Литмир - Электронная Библиотека
Содержание  
A
A

Незнакомец словно читал его мысли, как раскрытую книгу.

— Надеюсь, ты понимаешь, что я проделал такой долгий, а главное, трудный путь в ваши края вовсе не затем, чтобы полюбоваться на потомков моего любимца и уехать ни с чем. — Заявил он, алчно косясь на пробегавшего мимо Утреннего ветра. — Тем более что дни моего коня сочтены, и я не уверен, что у него хватит сил донести меня обратно домой, дорога неблизкая.

С этими словами незнакомец похлопал своего коня по шее, но получилось у него это как-то не особенно душевно, словно он уже прощался с еще довольно бодрым жеребцом.

Ноктурнус попытался отделаться от приезжего малой кровью.

— Если желаете, я могу выбрать вам подходящего коня из табуна и довезти на нем, куда вашей душе угодно. Вон тот, совсем еще молодой…

Незнакомец схватил Ноктурнуса за руку, давая понять, что он не шутки приехал шутить.

— Я считал, что для вас, северян, закон — дело чести.

Наш пастух, сам неслабого десятка, с трудом вырвал руку из цепкой хватки незнакомца.

— Ваш конь слишком субтильный, чтобы произвести таких прекрасных мускулистых жеребцов!

— Ты хамишь мне, парень, — процедил сквозь зубы путник. — Я отношу это на счет твоей молодости и неопытности и забываю об этом, чтобы у твоей семьи была возможность выжить этой зимой. Я дам тебе за черного тысячу золотых, и дело с концом.

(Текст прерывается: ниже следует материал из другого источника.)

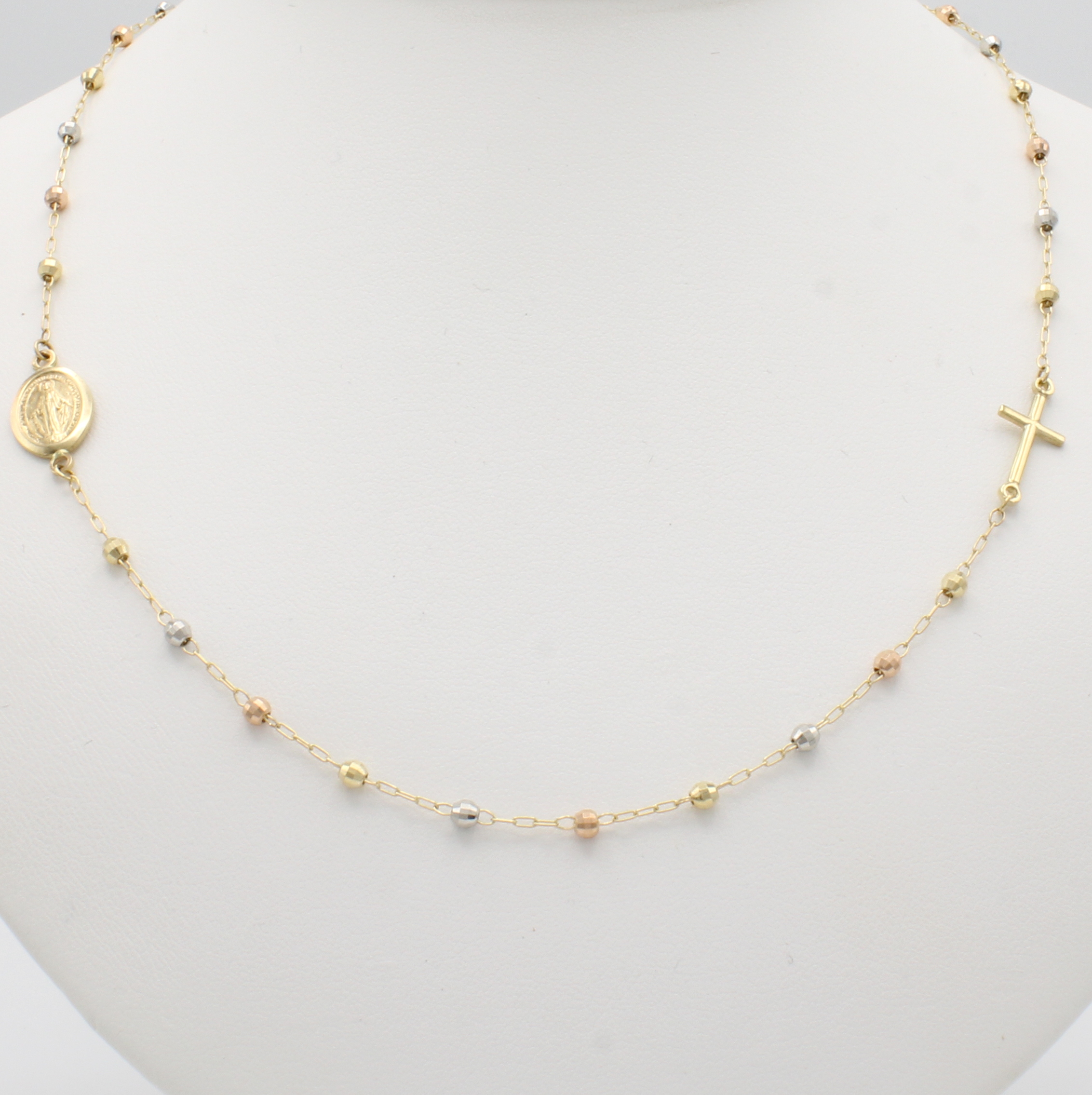 Collier, GG/RG/WG 585/000, anged. Rosenkranzmit Kreuz und Madonna, Karabinerschl., L. ca. 45 cm
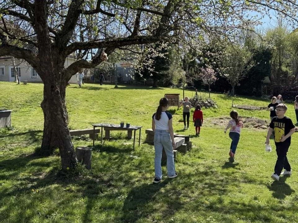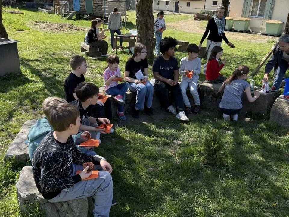 Danach ging es auf bunte Ostereiersuche in den Schulgarten. Zum Abschluss gab es ein gemütliches Picknick mit selbstgebackenem Kuchen, Äpfeln und jeder Menge guter Laune – ein perfekter Start in die Osterferien 🙂
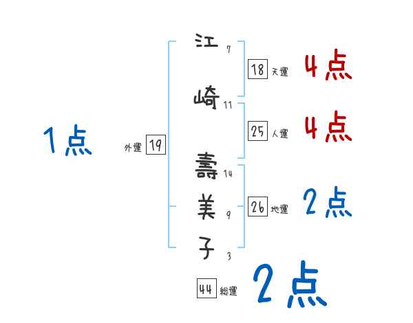 天運![]() | 江崎壽美子さんの天運は18画の4つ星!情熱的で剛気。忍耐力があり信頼される。 家系が持つ宿命的な運勢を表します。祖先から受け継いだ苗字ですので自分の力が及びません。家柄を象徴します。 |
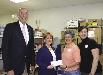 Community Foundation of North Central Massachusetts donated $7,429 to Loaves & Fishes food pantry in Devens, part of a matching grant program. Pictured, from left to right, are: Phil Grzewinski and Linda Mack of Community Foundation of North Central Massachusetts; and Lauren Farrell and Theresa Wilson of Loaves & Fishes.
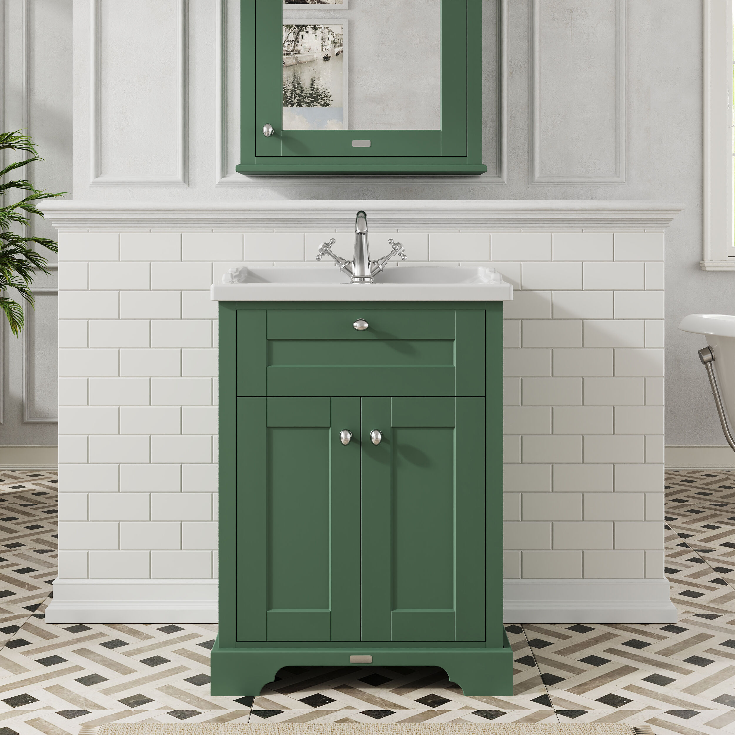 Hudson Reed Old London 600mm Hunter Green Floor Standing 2 Door Vanity Unit with 1 Tap Hole Ceramic Basin
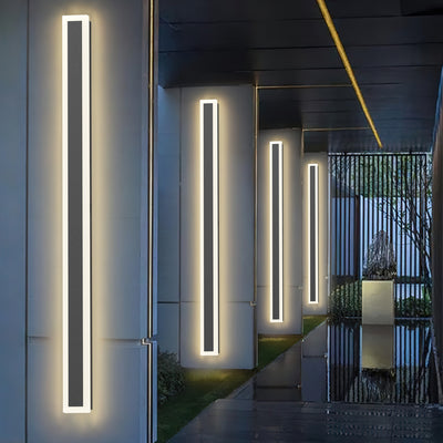 Uma lâmpada de corredor LED elegante e moderna com um design vertical minimalista, apresentando um esquema chique em preto e branco para uma iluminação estilosa, uniforme e quente
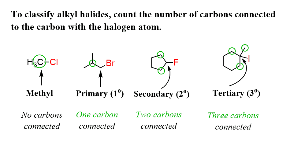 - Depending on the number of carbon atoms connected to the carbon bearing the halogen, there can be primary, secondary, or tertiary alkyl halides.
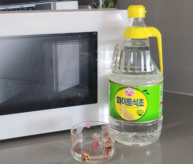 필요한 재료: 식초, 물, 전자레인지용 내열 용기
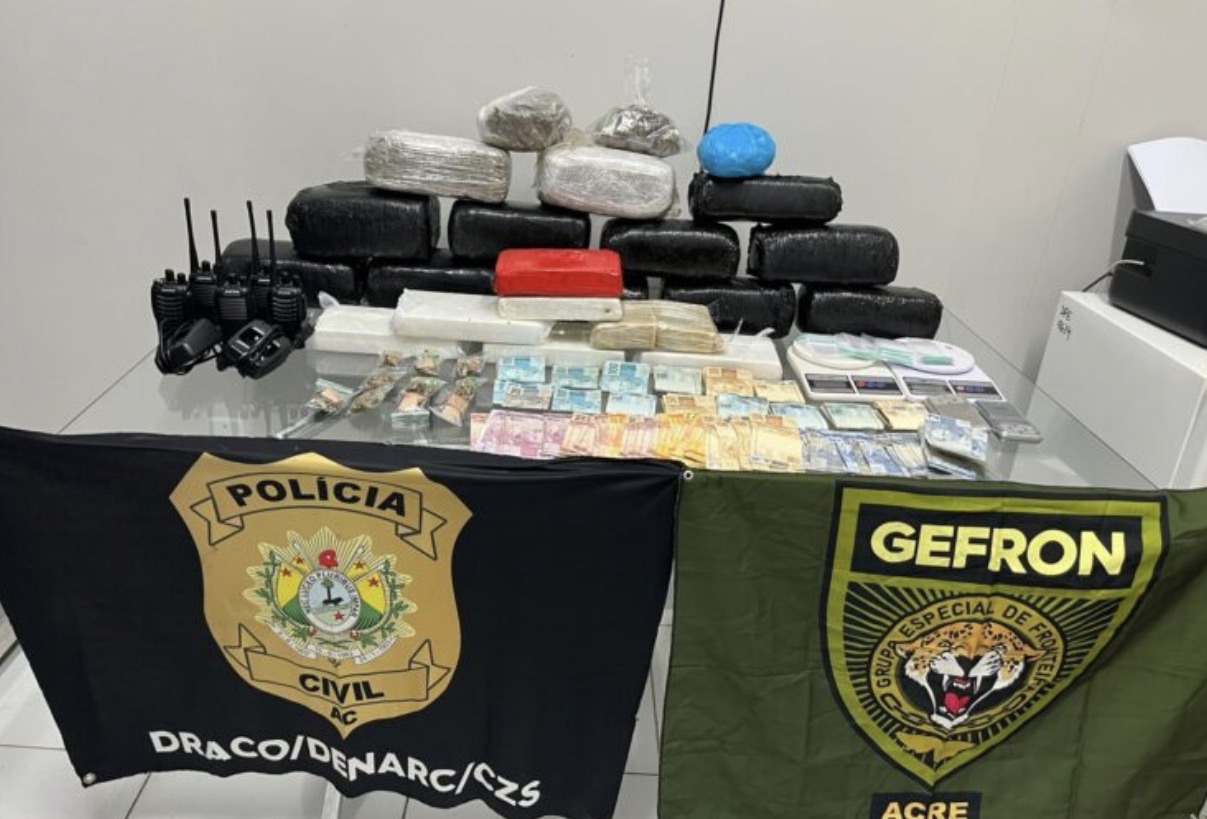 Operação integrada apreende mais de 20 quilos de drogas e quase R$ 15 mil em Cruzeiro do Sul
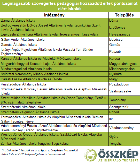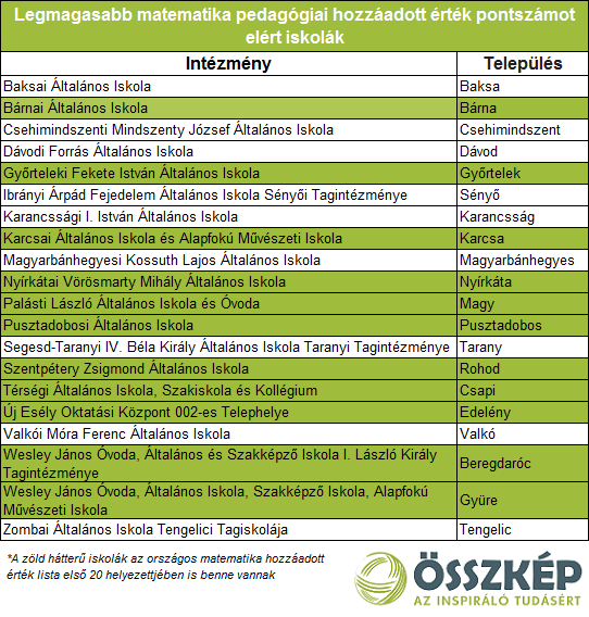 Mind a húsz intézmény kiérdemli az elismerést. Az pedig különösen figyelemre méltó, hogy a legjobban teljesítő rossz társadalmi hátterű iskolák élcsapatának több mint fele az országos ranglista első húsz helyezettje között van, a hatodik osztály végén készített kompetenciamérések alapján számított hozzáadott érték alapján.
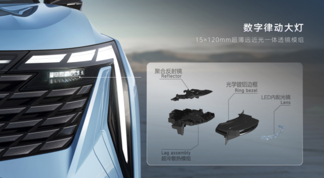 直观呈现“科技感”的造型设计,无疑是博越L的数字律动大灯。由182颗LED发光单元组成的粒子射线灯组,采用首发15×120mm的行业最扁平化“刀锋扁透镜模组”,光照强度可达178LX(勒克斯),远光有效照射距离长达168m,一辆车就能照亮一个足球场。粒子射线灯组与发光logo一起构成了“星际之门”独特造型,形成极高的辨识度,也能与尾灯组在迎宾、欢送、锁车延时等多种特定场景下,演绎兼具观赏性和功能性的“流光灯语”,给予用户更多的尊崇感。
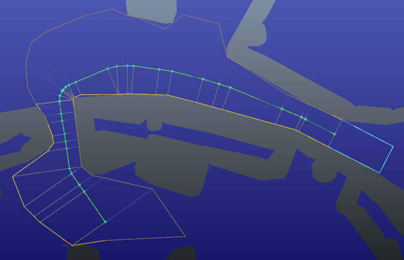 NavGraph를 통과하는 경로는 여러 채널과 연결됩니다. 유효한 채널을 갖기 위해 경로 주위에 충분한 공간(폭)을 사용할 수 없는 경우 채널이 NavMesh에서 분할됩니다. 따라서 각 NavMesh에 놓인 경로 부분에 두 개 이상의 채널이 있을 수 있습니다. 이러한 모든 채널은 경로로 집계되는 ChannelArray로 수집됩니다. 다음 그림을 참조하십시오.
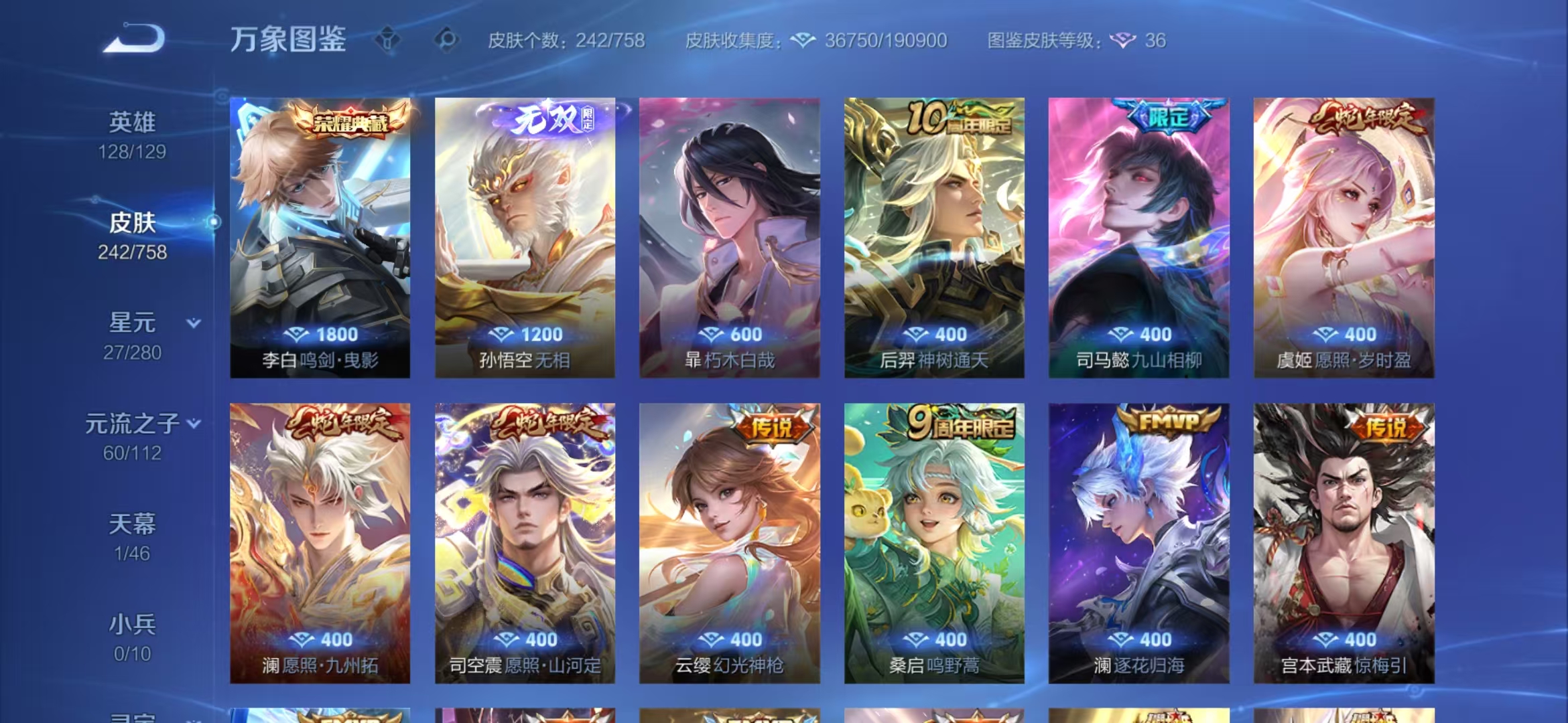 N007,V7,242皮肤,猴子的新皮肤飞的真品传说蓝的逐花归海和蛇年限定司空震全皮虞姬有蛇限李白的荣耀典藏司马懿的限定皮肤共有17个传说30多个限定
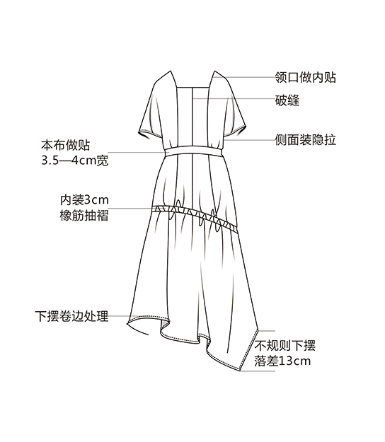 • 不规则破缝下卷边连衣裙
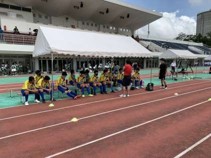今日は、サッカー部が市内大会です。前半終了で、1対0で勝っています。
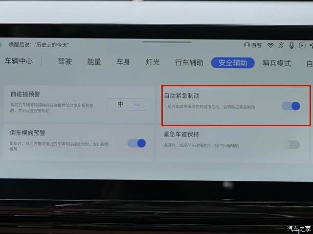 4、点击自动紧急制动选项右侧的圆圈图标,开启自动紧急制动功能。如果驾驶员制动力不足,自动紧急制动功能将辅助驾驶员制动;如果驾驶员完全未做出反应,自动紧急制动功能将主动施加制动以避免或减轻碰撞事故造成的伤害。
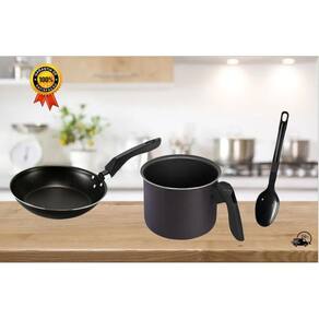 Kit frigideira e canecão fervedor leiteira antiaderente teflon com espatula cor grafite Kit fervedor e frigideira antiaderente Teflon com cabo de baquelite é ideal para facilitar o preparo de alimentos na cozinha. O fervedor ideal para ferver água leite chás de forma rápida e prática, enquanto a frigideira antiaderente permite preparar alimentos com facilidade, sem grudar no fundo.
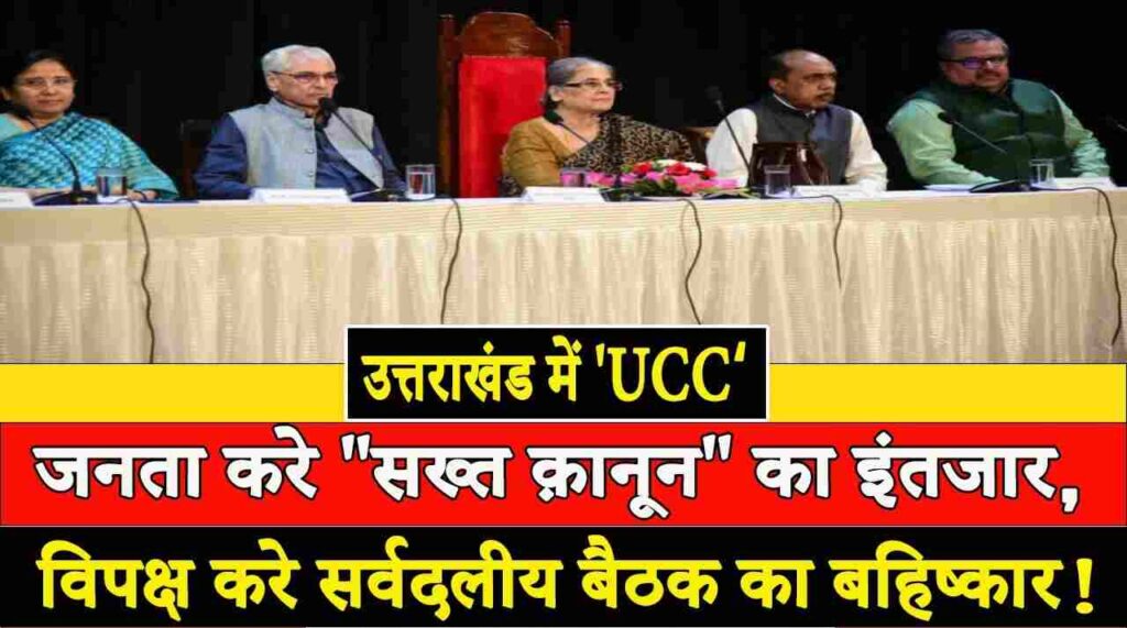 आप और कांग्रेस का साफ तौर पर यही कहना है की सिर्फ उत्तराखंड मे ही नहीं बल्कि पूरे प्रदेश मे ये कानून लागू होना चाहिए और उन्होने शिरकत इसलिए नहीं की क्योंकि उनकी पार्टी के द्वारा कमेटी से अध्यन्न के लिए कमेटी से मसौदा मांगा गया था जो की नहीं दिया गया विपक्ष का आरोप है की प्रदेश सरकार लोकसभा चुनाव मे वोट बटोरने के लिए UCC कानून को लेकर उत्सुक है। लेकिन जानकारों का ये भी कहना है की अगर विपक्ष को प्रदेश मे UCC से कोई दिक्कत है तो कमेटी के सामने जाकर अपनी बात रखनी चाहिए थी। आपको बता दें की यूसीसी समिति गठन के बाद से ही समिति पूरे प्रदेश में 30 से अधिक बैठकों में समाज अलग-अलग वर्गों से चर्चा कर चुकी है। UCC ड्राफ्ट को लेकर कमेटी का कहना है की जल्द से जल्द ड्राफ्ट तैयार कर लिया जाएगा। पूरे मामले पर बीजेपी का कहना है की पार्टी प्रदेश मे UCC लागू करने के पक्ष मे है इससे सभी धर्मों के अनुयाइयों को समान अधिकार मिलेगा…वहीं बीजेपी का कहना है की AAP और कांग्रेस ने UCC की बैठक मे न आकार ये साबित कर दिया है की दोनों ही पार्टियां तुष्टीकरण की राजनीति करती हैं।

«Тысячу золотых, тысячу золотых», — звенело в ушах у юноши. Он и подумать не смел, что в мире существуют такие громадные деньги, и, что тем более, их могут предложить ему. Когда прошла эйфория от мыслей о жизни, которая у них начнется, будь у них с отцом и братьями гора золота, он вспомнил наказ отца. «Пусти их на наше поле с пшеницей, но не продавай».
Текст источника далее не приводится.